─── Material for this task

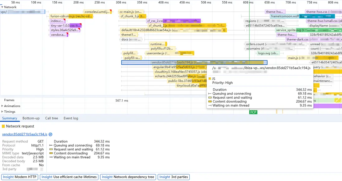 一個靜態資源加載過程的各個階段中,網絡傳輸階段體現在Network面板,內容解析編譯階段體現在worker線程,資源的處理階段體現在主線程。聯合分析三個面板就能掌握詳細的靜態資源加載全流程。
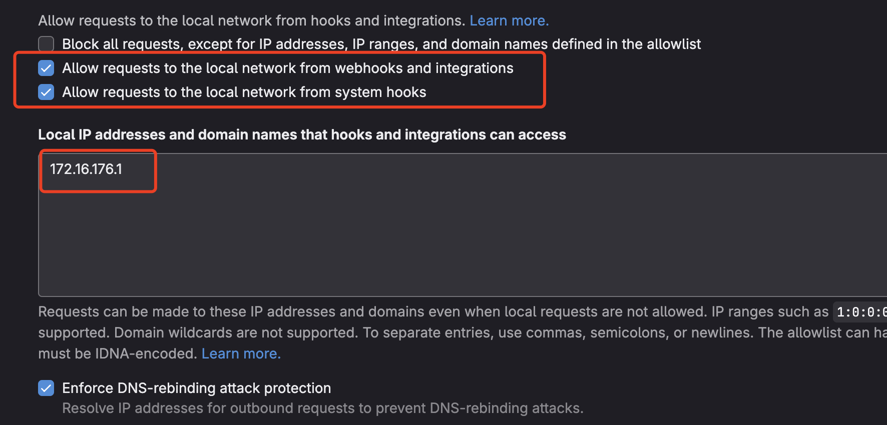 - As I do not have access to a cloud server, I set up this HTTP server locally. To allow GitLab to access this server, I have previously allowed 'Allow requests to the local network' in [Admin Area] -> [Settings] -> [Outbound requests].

──────
─── Material for this task

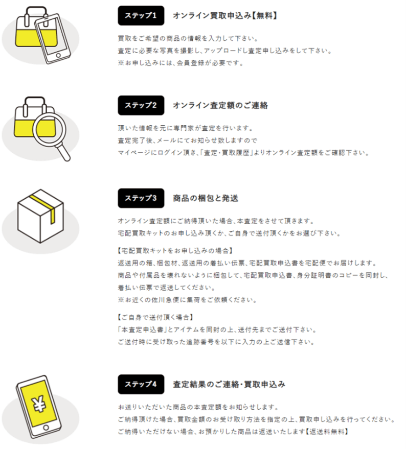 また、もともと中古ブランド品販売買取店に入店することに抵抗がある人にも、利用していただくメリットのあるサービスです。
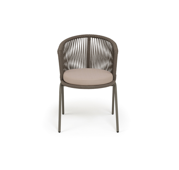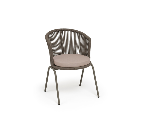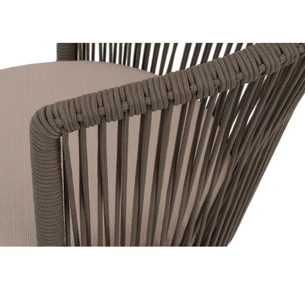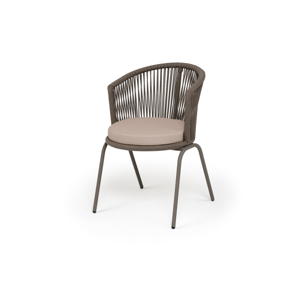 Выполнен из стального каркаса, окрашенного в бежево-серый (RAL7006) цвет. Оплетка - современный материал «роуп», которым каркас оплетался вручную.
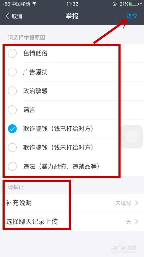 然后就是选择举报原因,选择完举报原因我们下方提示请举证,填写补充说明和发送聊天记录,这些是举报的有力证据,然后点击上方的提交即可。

──────
─── Material for this task

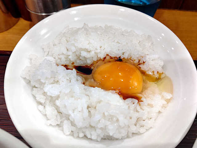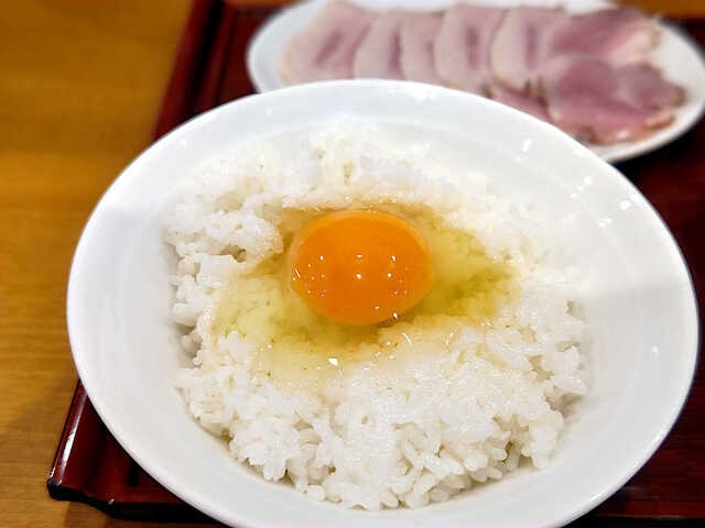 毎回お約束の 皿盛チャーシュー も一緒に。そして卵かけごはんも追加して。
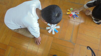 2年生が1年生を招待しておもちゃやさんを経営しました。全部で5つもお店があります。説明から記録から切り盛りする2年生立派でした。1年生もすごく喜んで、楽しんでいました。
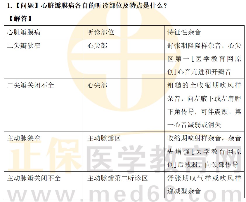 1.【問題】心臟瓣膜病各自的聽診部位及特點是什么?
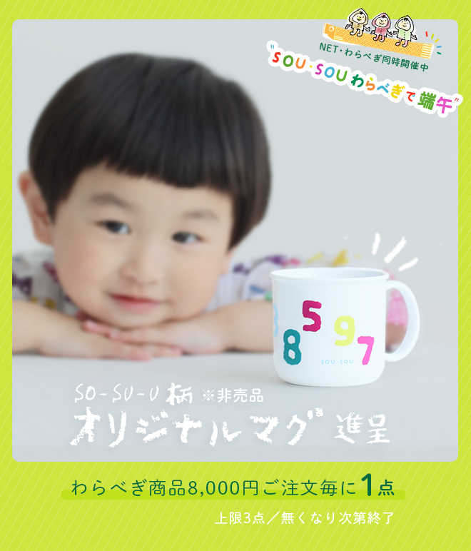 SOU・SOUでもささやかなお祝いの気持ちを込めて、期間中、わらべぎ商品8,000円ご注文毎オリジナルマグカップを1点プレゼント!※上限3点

──────

* **To do**:
Output exactly the lines of the listing above that start with the one holding "毎回お約束の 皿盛チャーシュー も一緒に。そして卵かけごはんも追加して。" and go on through the one holding "SOU・SOUでもささやかな"; leave the pictures out.

* **Output for this task**:
 毎回お約束の 皿盛チャーシュー も一緒に。そして卵かけごはんも追加して。
 2年生が1年生を招待しておもちゃやさんを経営しました。全部で5つもお店があります。説明から記録から切り盛りする2年生立派でした。1年生もすごく喜んで、楽しんでいました。
 1.【問題】心臟瓣膜病各自的聽診部位及特點是什么?
 SOU・SOUでもささやかなお祝いの気持ちを込めて、期間中、わらべぎ商品8,000円ご注文毎オリジナルマグカップを1点プレゼント!※上限3点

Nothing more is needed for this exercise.